|
|
|
Introduction
The basic idea here is to get a sample of an object's color
by grabbing a small (16 x 16 pixel) window of the image where
the user clicks. This can be done multiple times to capture
light-dark variation. In colorspace (RGB here)
these sampled pixels will form a cluster of points. If the object
sampled is of fairly uniform color and is nearly Lambertian, then
theory tells us that the cluster will lie along a single line between
the origin (black) and the color reflected from the object
(mostly the object's intrinsic color). The points will not be perfectly
linear because of object color variation and camera noise, so by using
principal component (PC) analysis we can compute the parameters of a bounding
ellipsoid for the sample points that is essentially a fat version of a
segment of the theoretical line.
Once the bounding ellipsoid has been computed, it can be used as a
membership function. Pixels captured later can be tested to see whether
they are inside or outside the ellipsoid representing the object color.
Another possible membership function that is easier to construct and faster to
evaluate is a sphere of some radius centered at the mean (in RGB space) of the
sample pixels. This is inadequate for most situations, though.
In the following images you can get an idea of the discrimination ability of
the above membership functions in one particular indoor situation. I got a sample from
just below my right eye in the first image. In the second
and third images, pixels drawn in red are those that have been classified as
inside the computed membership function. White pixels in the third image
represent colors that were saturated in at least one color channel; they are
automatically discarded if present in the sample and are always classified as outside
by the membership function.
|
|
 |
|
Indoor scene |
|
 |
 |
| Sphere of radius 30 |
Ellipsoid scaled to one standard deviation |
|
|
We can use a membership function for tracking by initializing a small (128 x 128 pixels)
tracking window centered on the mean image location of the color sample clicks.
Each tracking cycle, every pixel in the tracking window is evaluated by the membership
function. The mean image location of the pixels classified as inside (red pixels)
is used as the center of the tracking window in the next cycle.
Here, a red latex ball is being tracked using a PC ellipsoid as the membership
function. The X Window display slows things down, but it gives you an idea of how much
information the tracker has to work with.

Drawing directly to the monitor is much faster. Furthermore, by keeping a record of
the tracked ball's consecutive positions, we can gain
additional knowledge for use as input to another program.

|
|
Face-tracking
This technique also works well for tracking faces. Here's what is segmented in a
sample image; note the false positives cause by highlights in my hair.

With the camera mounted on
a Directed Perception
PTU-46 pan-tilt unit, the tracker can follow a person as they walk around the room.
This is done by moving the camera
incrementally in the direction that will bring the tracking window back to the
center of the 640 x 480 video signal.

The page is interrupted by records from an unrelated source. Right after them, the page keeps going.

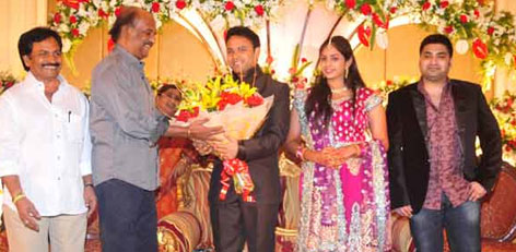Superstar Rajinikanth wished the newly married Jothikrishna - Aishwarya at their marriage reception held at Leela Hotel, Chennai on Monday(Nov 26,2012) evening.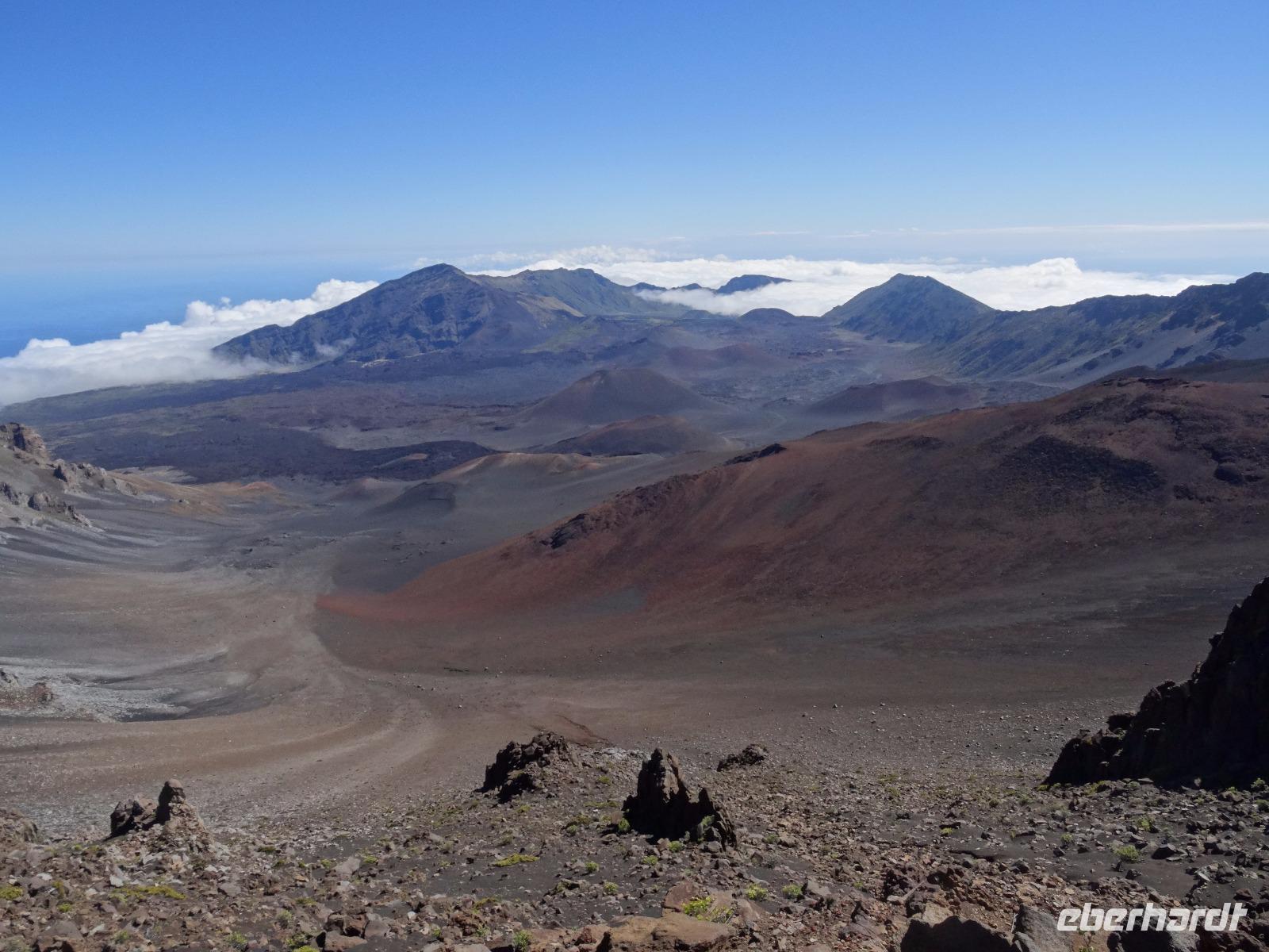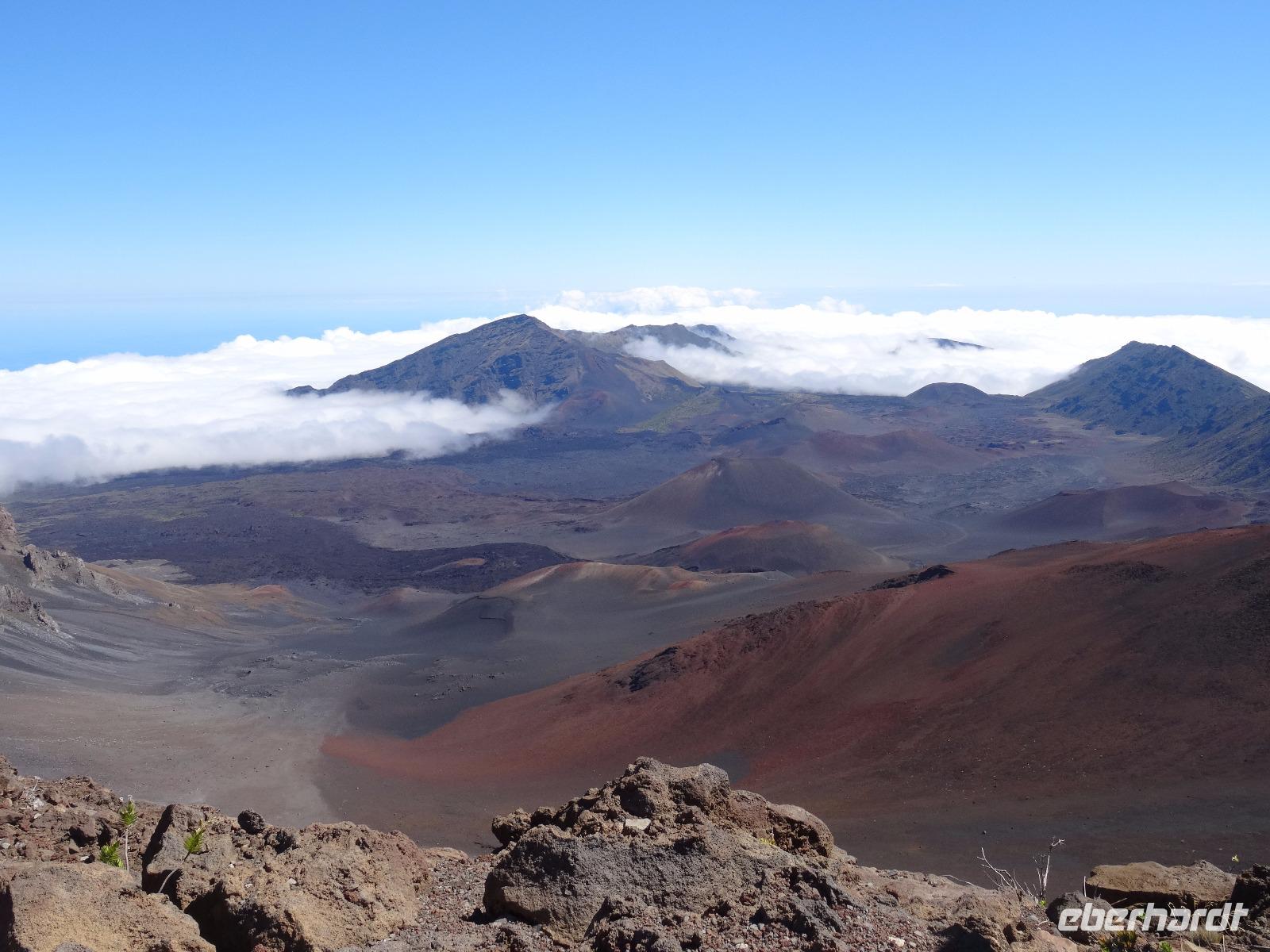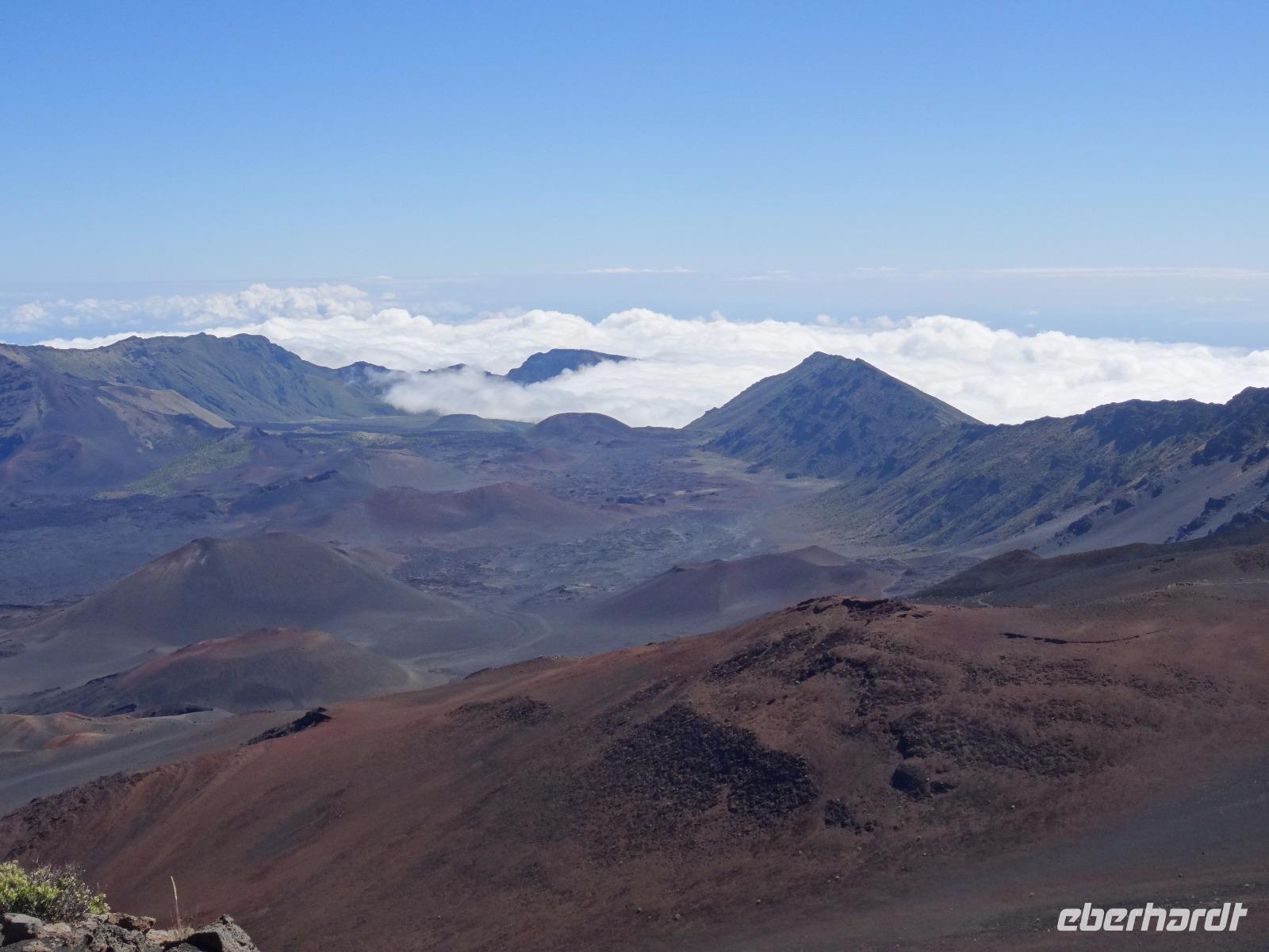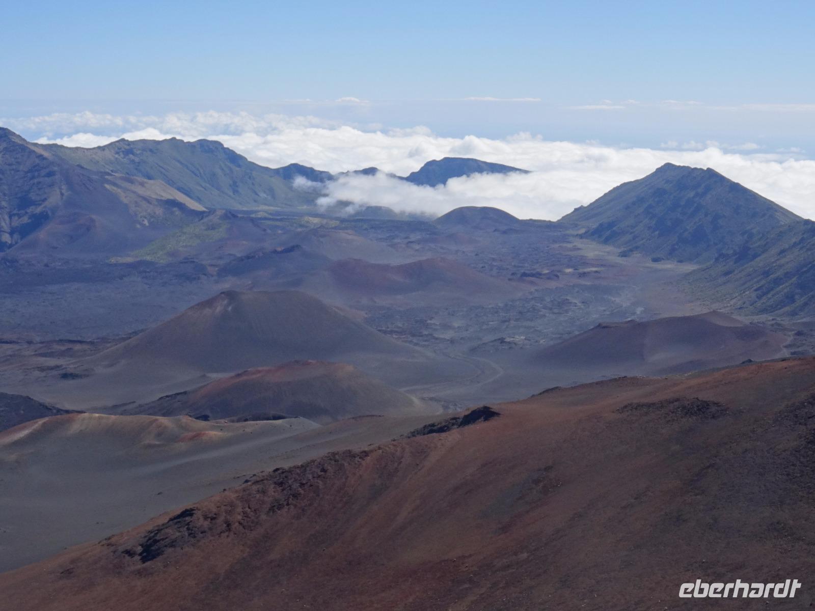 Die Sonne strahlte - beste Voraussetzung, um den weltgrößten schlafenden Vulkankrater Haleakala zu erobern. Er beeindruckt mit einer Tiefe von 915 Metern und umfasst stolze 33 Kilometer. Er ist der höchste Gipfel der Insel Maui mit 3.055 Metern.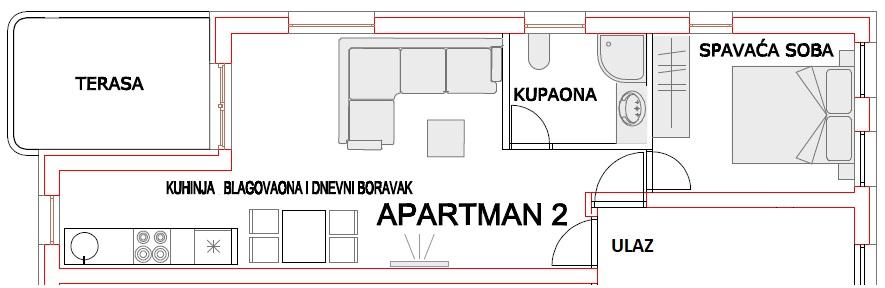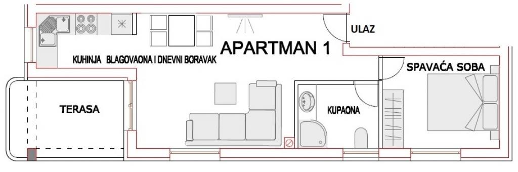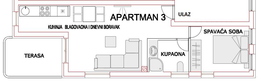 Ponujamo tri apartmaje, ki so le 3 minute hoje do centra Paga in 6 minut hoje do plaže. Vsi trije apartmaji so na novo in sodobno urejeni, vključujejo klimatsko napravo, TV, SAT, wi fi, opremljeno kuhinjo, spalnico, kopalnico. Imajo eno zakonsko posteljo in raztegljiv kavč, na voljo pa je tudi dodatno ležišče. Na voljo je parkirišče in žar.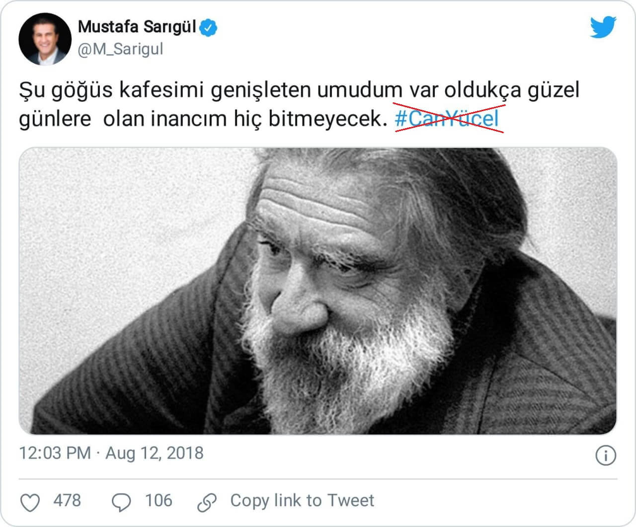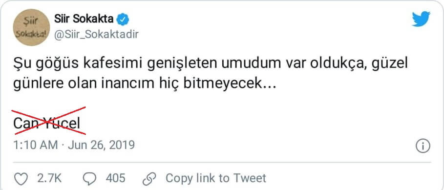 Ancak sanılanın aksine bahsi geçen vecize Can Yücel’e değil, T. Tuğba Baş’a ait.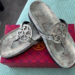 Stylish Tory Burch sandals with a snakeskin pattern. Features black, blue and cream tones. Perfect for casual wear. These like all my shoes are almost new. Cleaning closest! These shoes ran small so if you’re an 8 then 8.5 is perfect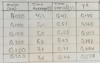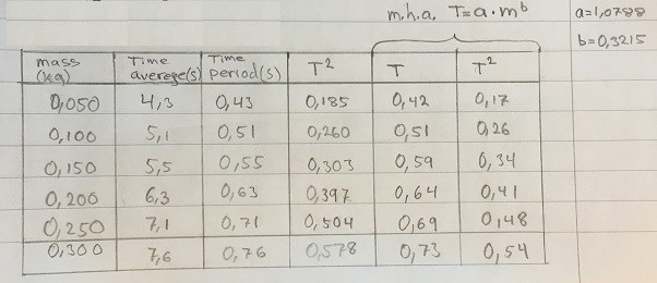 m=200g : T1= 6,01 s T2= 6,20 s T3= 6,10 s T4=6,70 s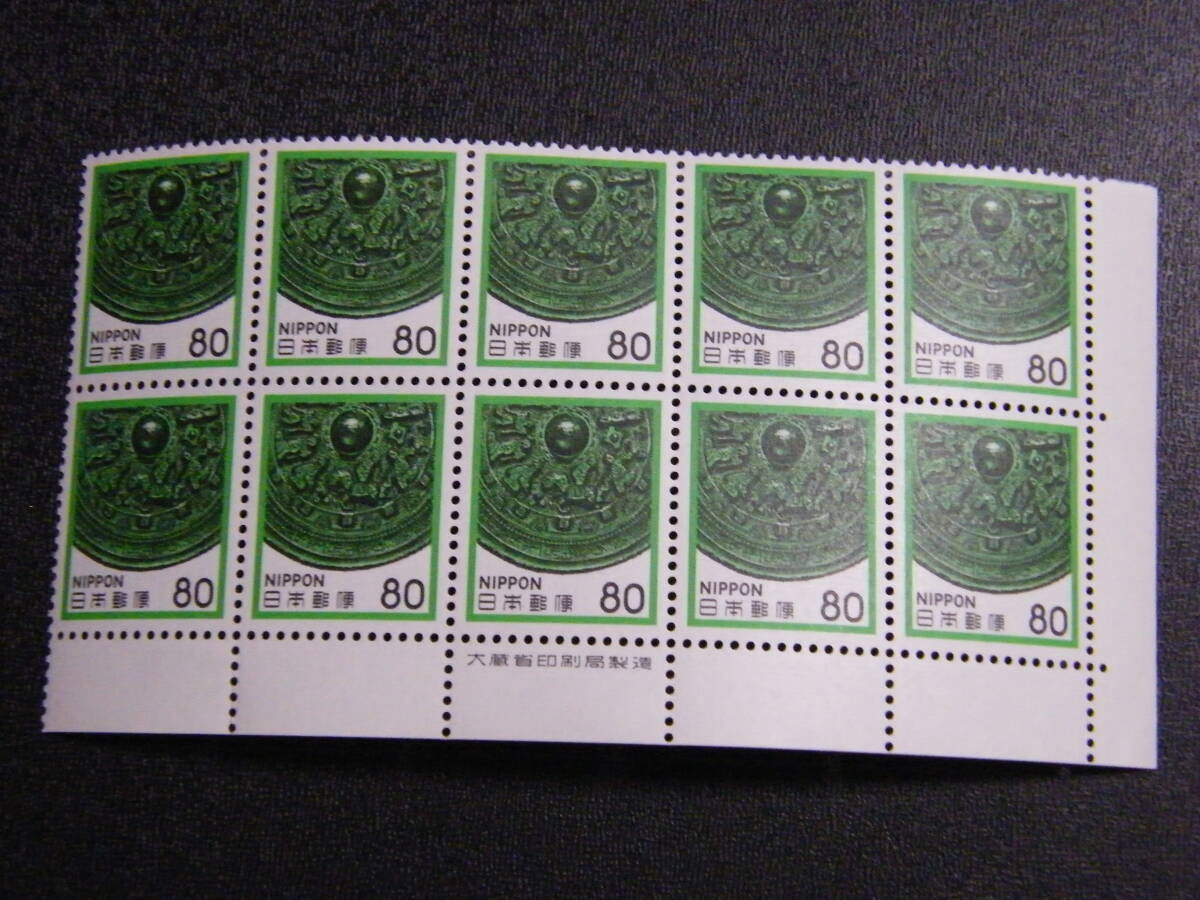 - 人物画像鏡 80円 銘版「大蔵省印刷局」 10枚ブロック 未使用 1980年シリーズ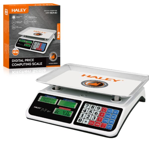 ميزان إلكتروني تجاري HALEY حتى 40 كغ – حساب السعر – شاشة LCD مزدوجة – صحن ستانلس ستيل – دقة عالية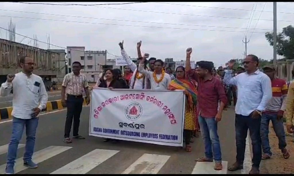 ସୁବର୍ଣ୍ଣପୁର ଜିଲ୍ଲା ସରକାରୀ ଆଉଟ ଶୋର୍ସିଙ୍ଗ କର୍ମଚାରୀ ସଂଘ ପକ୍ଷରୁ ୧୧ଦଫା ଦାବିନେଇ ଜିଲ୍ଲାପାଳ କାର୍ଯ୍ୟାଳୟ ଘେରାଓ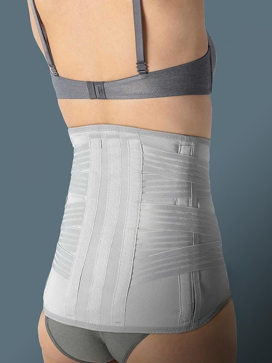 Busto ortopedico elastico alto, per la stabilizzazione e lo scarico del rachide lombare, con pelotte rigide termoformabili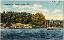 The name Nuangola probably derives from an Algonquian language, which was spoken by the indigenous Native Americans of the area (most likely the Delaware, the region's largest tribe, although some Nanticoke and Shawnee also lived there at the time). According to legend, a Native American maiden named Nuangola is believed to have drowned in the lake. Another story states that Nuangola is the Native American word for "Three-Cornered Lake" or "Triangular Lake," the latter of which was another name for the area prior to it being officially named Nuangola. It has also been proposed that Nuangola means "people of the north."[4]

Here are four images taken from a
continuous sequence; note the changes in scale, orientation, and incident illumination
of the tracked face.


|
|
Refinding
Occasionally the tracker will lose track of its quarry. This may be due
to excessive speed, occlusion, or distraction. Distraction depends solely on the
discrimination ability of the membership function, but the first two cases can
often be resolved by repeatedly resampling the entire image at a lower resolution.
Pixels satisfying the color membership function in this lo-res image are weighted
according to the inverse of their distance from the point of loss and how clustered
they are, yielding hypotheses for the new location of the object. When a
sufficiently strong hypothesis is found, tracking is restarted at that point.
With failure recovery, tracking is fast and robust enough to track tossed or
bouncing balls. In the following figure, tracking was initialized on the red latex
ball, which was then removed from view. The ball was then thrown into the camera's
view without warning; the tracker reacquired it before it hit the ground. The red line
shows the ball's trajectory as it was subsequently tracked.
|
|

|
|
In the next figure, the red ball is being tracked as it and a blue ball are juggled
(the camera is turned on its side).
Note that the trajectory line has gaps: this is because
at different points in its arc the ball was going too fast to track or slowed
down enough to be picked up again. Also, the act of catching the ball often
obscures it enough to interrupt tracking; this accounts for the disconnectedness of the
line between catches and throws. When the image was grabbed, the blue ball
was in front of the juggler's nose and the red ball falling into his left hand.

|
|
Future Work
Face tracking is just flesh tracking unless geometry or other
information is incorporated. Other body parts or other people's faces
may distract the tracker.

|